The mutant T482 of Sinorhizobium meliloti CXM1-105, which carries a Tn5 insertion on megaplasmid 1, exhibits an enhanced symbiotic efficiency phenotype. Three genes, eglC, cya3 and syrB2, were identified in the eff-482 region tagged by the Tn5 insertion in T482. The eglC gene encodes an endoglycanase which contributes to the depolymerization of the exo-polysaccharide succinoglycan. The N-terminal region of the predicted cya3 gene product was similar to eukaryotic-type adenylate cyclases from Brevibacterium liquefaciens and Streptomyces coelicolor. Four contiguous tetratricopeptide repeats which are known to mediate protein-protein interactions were identified in the C-terminal portion of Cya3. Complementation analysis demonstrated that cya3 indeed encodes a functional adenylate cyclase.

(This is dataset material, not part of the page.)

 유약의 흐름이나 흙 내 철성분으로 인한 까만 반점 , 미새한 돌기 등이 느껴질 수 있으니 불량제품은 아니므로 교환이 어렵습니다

A central helix-turn-helix DNA-binding motif and a putative C-terminal coiled-coil structure implicated in protein oligomerization were found in SyrB2. Extra copies of the syrB2 gene negatively affect transcription of both syrB2 itself and cya3. The Tn5 insertion in T482 was localized between the divergently transcribed genes eglC and syrB2. It eliminated eglC function and slightly stimulated transcription of both syrB2 and cya3, which lies downstream of syrB2. Mutants carrying insertions of the lacZ-Gm interposon in the genes eglC, syrB2 and cya3 exhibit the same phenotype as mutant T482, indicating that these three genes influence symbiotic efficiency.

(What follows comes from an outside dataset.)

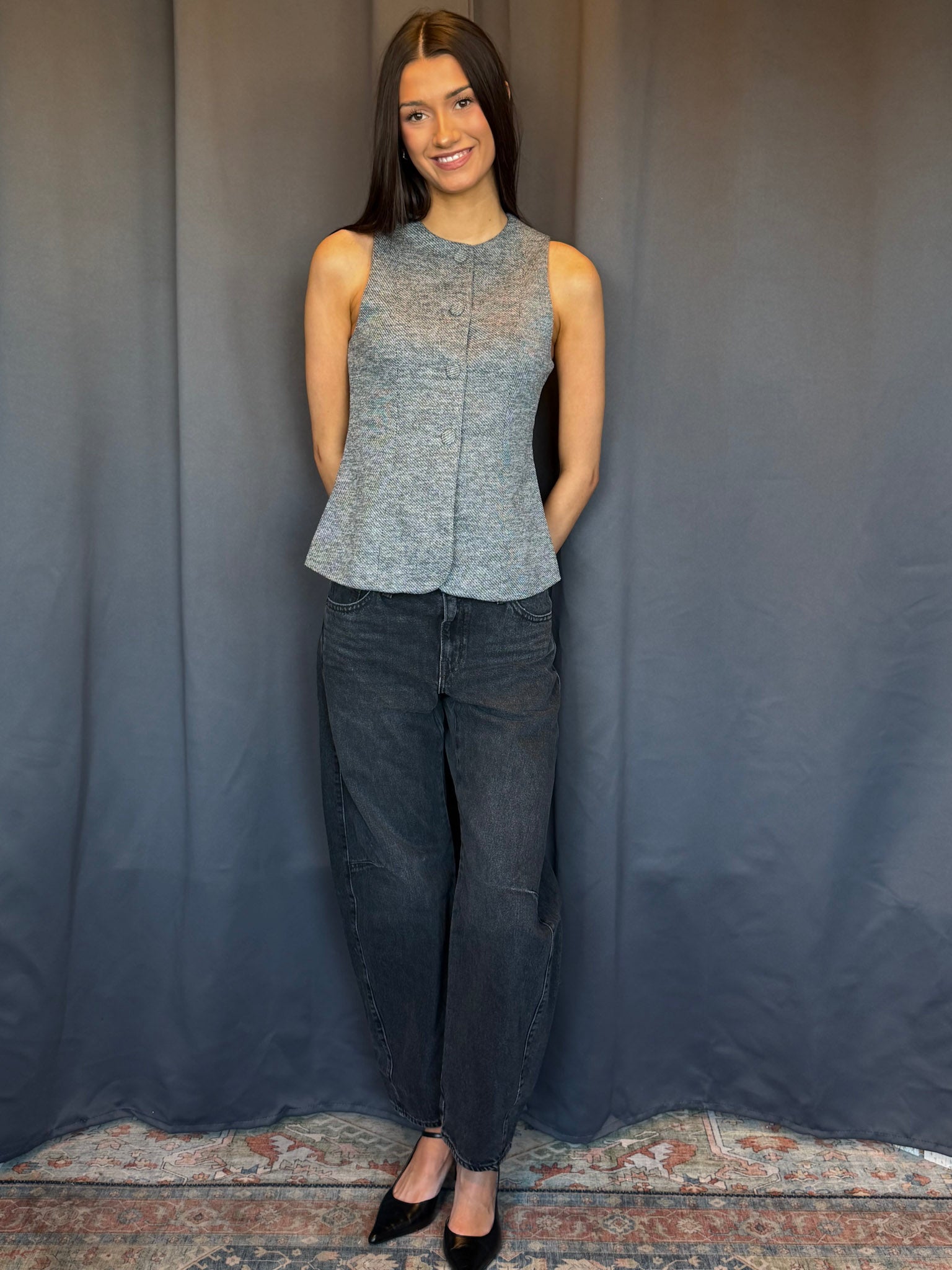 Cute vests help bind an outfit together and this top makes no exception. Wear it with a shacket on top, a pair of relaxed mom-jeans, and chunky boots and you get a relaxed and cool everyday look.

Isolation of Sinorhizobium meliloti Tn5 mutants with altered cytochrome terminal oxidase expression and improved symbiotic performance.

The relationship between whole-cell redox potential, cytochrome composition in free-living culture and symbiotic activity of Sinorhizobium meliloti was studied. Three Tn5-induced mutants with increased cellular redox potential were generated. Stationary cultures of mutants Tb9 and Tb16 in contrast to the parental strain produced the b-type terminal oxidase that may be similar to the symbiotically essential cytochrome oxidase cbb3 of Bradyrhizobium japonicum. Increase in the symbiotic effectiveness of all three mutants and in O2 consumption rate in free-living cultures was observed. Mutants Tb1 and TB16 were also characterized by an increase in fixNOQP gene expression. Consequently, the mutations probably affect at least two different steps of rhizobial respiratory metabolism operating both in free-living cells and endosymbiotic forms.